Dans Anaïs Nin sur la mer des mensonges, Léonie Bischoff évoque sans jugement l’une des personnalités littéraires les plus sulfureuses de l’histoire du 20e siècle. Elle relate la rencontre d’Henry Miller comme alter ego littéraire et amant ainsi que l’attirance d’Anaïs Nin pour la femme de Miller, June. Elle raconte la découverte de la psychanalyse et les aventures de Nin avec ses thérapeutes. Elle n’élude pas les passages plus difficiles à aborder sans doute, comme l’inceste que lui a fait subir son père lorsqu’Anaïs était enfant et qu’elle consent à revivre adulte, ou encore son avortement tardif. Elle traite de tous ces sujets de façon explicite mais délicate avec pour angles d’attaque l’affirmation du style d’écriture singulier de Nin et sa puissance en tant qu’artiste et femme à la sa sensualité créatrice.
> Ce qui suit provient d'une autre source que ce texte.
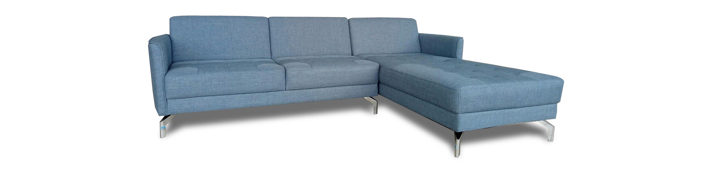 Bộ sofa góc bọc vải cao cấp, sử dụng chân thép mạ.

La nécessité de mentir aussi:  

Je me révolte un peu lorsqu’on me reproche mes mensonges. Ce sont des mensonges qui protègent et qui donnent la vie. Henry ne comprend pas parce qu’il n’a jamais cherché à protéger quiconque.

Bischoff alterne entre un système de cases classiques et de très belles pleines pages. L’album est rempli de motifs végétaux et de longues chevelures qui rappellent l’Art Nouveau. Une page proche des compositions de  Mucha représente une June Miller inquiétante.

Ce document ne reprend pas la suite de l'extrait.